In the Islamic tradition, Bey and Zug start with the discovery of hashish by Sheikh Haydar (a Sufi monk of the 12th century) and the legend of the Old Man of The Mountain, Hasan-I-Sabbah, and the "Haschischin" (Assassin) cult of ancient Persia and Syria. The development of the 19th-century literary "Club des Haschichins" in Paris is presented by the poets themselves. Paul Bowles' acerbic commentary on Kif in Morocco in the 1950s, and excerpts from great 19th and early 20th century literary giants who took hashish themselves and described their experiences in the most florid terms, give a modern reader both a chuckle and a thought — a hundred years ago these folks like Ludlow, Alcott, Baudelaire, Dumas, Sir Richard Burton, Isabel Eberhardt, Henri Michaux, J.J Moreau, and Aleister Crowley, were taking huge doses of cannabis and having psychedelic illuminations!


In his brilliant introductory essay, "The Bhang Nama: Hemp as A Sacrament," Hakim Bey notes the connections between social, religious and medical use of cannabis as it flourished since the time of the Vedas in India and since at Ieast the 12th century in Muslim cultures, leading right up to modern times with the Moorish Orthodox Church and other psychedelic religious groups.

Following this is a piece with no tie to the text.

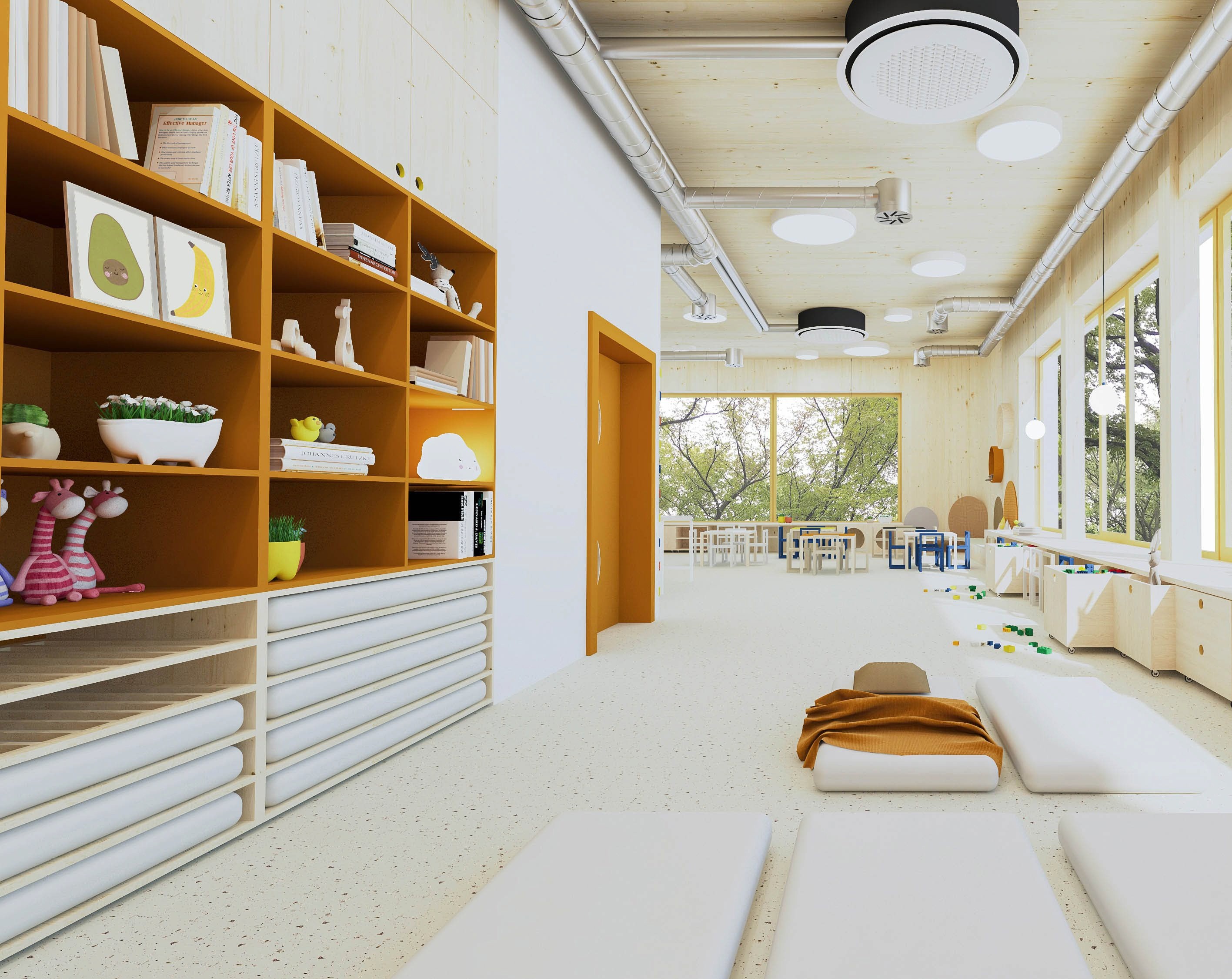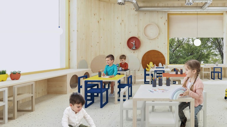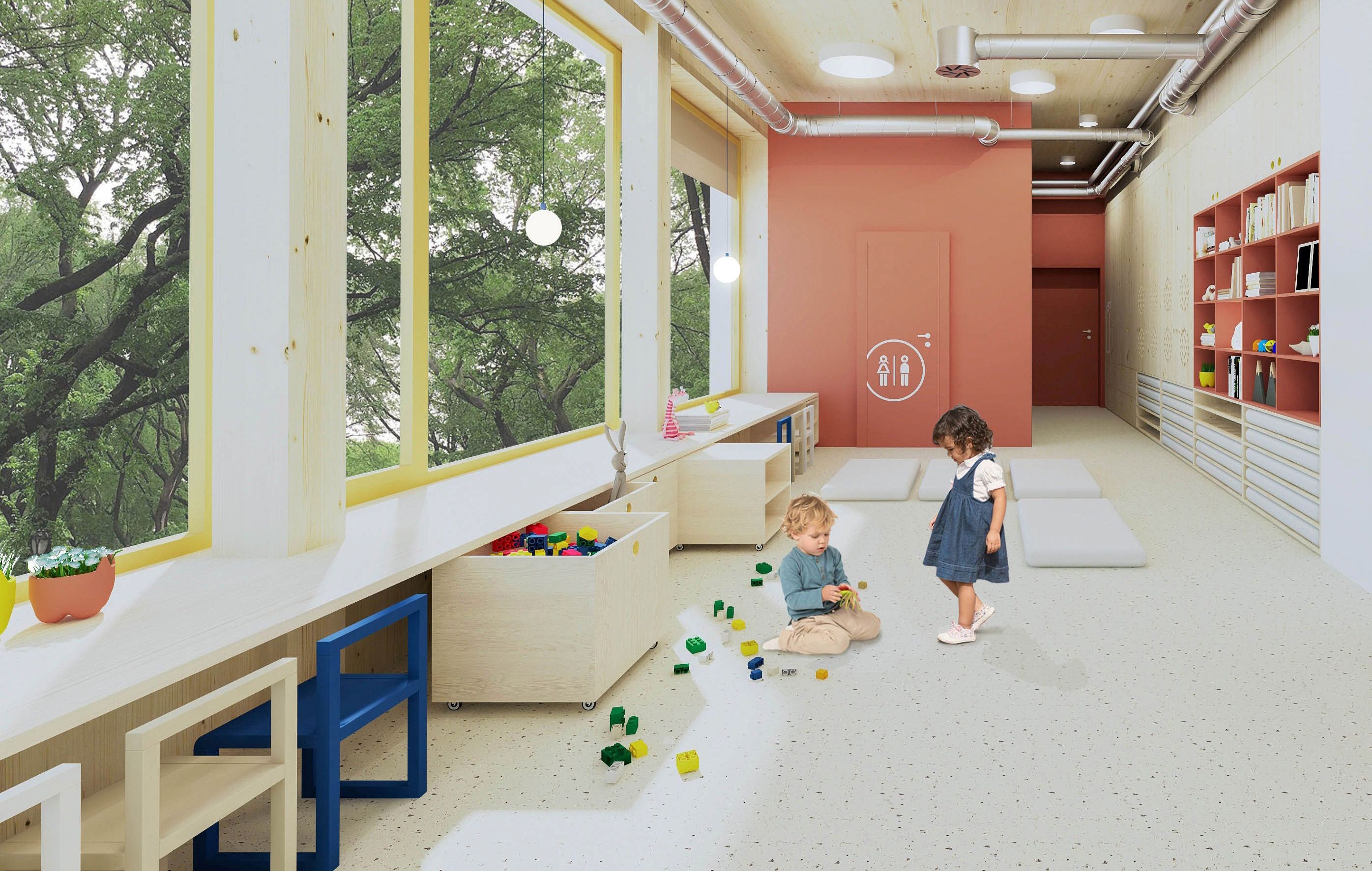 Súčasťou najpredávanejšieho a zároveň najzelenšieho projektu z dielne JTRE bude moderná a trvalo udržateľná materská škola. „Aj táto budova, rovnako ako aj celý projekt Downtown Yards, prešla kompletným prerodom. Z pôvodnej železobetónovej budovy sme pre deti navrhli hybridnú konštrukciu, s prírodným dreveným interiérom, zelenou strechou a podnetným detským ihriskom,“ opisuje Pavel Pelikán, výkonný riaditeľ JTRE a dodáva, že práve vďaka využitiu vyspelých technológií s dôrazom na energetickú efektívnosť bolo možné minimalizovať zabudovanú uhlíkovú stopu v použitých materiáloch cca o 90% podľa hodnotenia LCA. Zmena sa realizovala v spolupráci s architektonickým ateliérom Domesi Slovensko, ktorého projekt tento rok získal ocenenie Stavba roka 2024.

Bey points up the historical divisions in cannabis use between smokers and those who use oral preparations, potions and edibles for ritual purposes.

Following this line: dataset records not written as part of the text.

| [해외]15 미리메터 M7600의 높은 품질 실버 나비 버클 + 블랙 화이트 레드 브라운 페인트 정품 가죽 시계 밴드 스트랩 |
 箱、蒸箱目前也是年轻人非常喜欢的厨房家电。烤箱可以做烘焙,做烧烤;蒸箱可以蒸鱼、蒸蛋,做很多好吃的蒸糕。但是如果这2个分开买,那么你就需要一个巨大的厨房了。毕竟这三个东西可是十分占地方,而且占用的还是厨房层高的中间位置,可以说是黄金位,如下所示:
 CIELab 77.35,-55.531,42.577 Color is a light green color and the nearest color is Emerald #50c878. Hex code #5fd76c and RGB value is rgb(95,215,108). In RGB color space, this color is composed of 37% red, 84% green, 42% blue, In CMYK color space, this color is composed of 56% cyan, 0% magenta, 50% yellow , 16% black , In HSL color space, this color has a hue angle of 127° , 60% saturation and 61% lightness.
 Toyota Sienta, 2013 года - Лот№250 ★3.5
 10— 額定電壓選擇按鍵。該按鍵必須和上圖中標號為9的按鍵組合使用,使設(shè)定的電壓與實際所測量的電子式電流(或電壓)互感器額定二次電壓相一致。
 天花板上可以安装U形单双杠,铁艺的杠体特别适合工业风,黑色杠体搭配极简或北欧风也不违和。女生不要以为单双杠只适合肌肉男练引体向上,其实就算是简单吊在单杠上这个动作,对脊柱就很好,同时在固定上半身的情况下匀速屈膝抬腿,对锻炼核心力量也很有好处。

The latter tradition is more ancient and shows, overall, that high-dose oral preparations have been commonly used for psychedelic religious experiences, while low-dose products are used primarily for medical reasons. In fact, in both the Hindu and Muslim traditions, medical and religious use of cannabis are joined at the hip.


This may prove to be a legal difficulty in the future as medical use of marijuana continues on its way toward legalization, while psychedelics and high-dose cannabis preparations are still demonized.


Future prohibitionists, clinging to straws, may try to drive a wedge between medical patients and ritual users over the issues of dosage, as well as the distinction between preparations that are smoked versus those that are not. They may argue that although there may be medical uses for low doses — and if you've ever smoked government pot, you know that current government policy is to push schwag on the most seriously ill patients — but we can't legalize high doses because it would cause some patients to freak out — have psychedelic experiences — "go insane." And high-dose
religious use — forget it!


That would be a mistake. Who gets to define dosage levels, for either medical or religious purposes? Patients often require high dose products taken daily, especially for pain control and appetite stimulation, and to counter the disastrous effects of cancer chemotherapy and AIDS "drug cocktails." The government has no business setting dose levels for medical practice — bureaucrats are not well educated on cannabis therapy, and the patients are the best source for the dosage level appropriate for them — and why on earth would any religion allow governments to set their religious protocols for them?


Spiritual use of cannabis has survived for millenia, despite fanatical opposition from governments and Christian cultists who would allow only alcohol as a sacrament.


Order this book from Autonomedia, eat a brownie,
get in a hot bath, and immerse yourself in this fascinating collection of the wisdom of religious cannabis use since the dawn of time.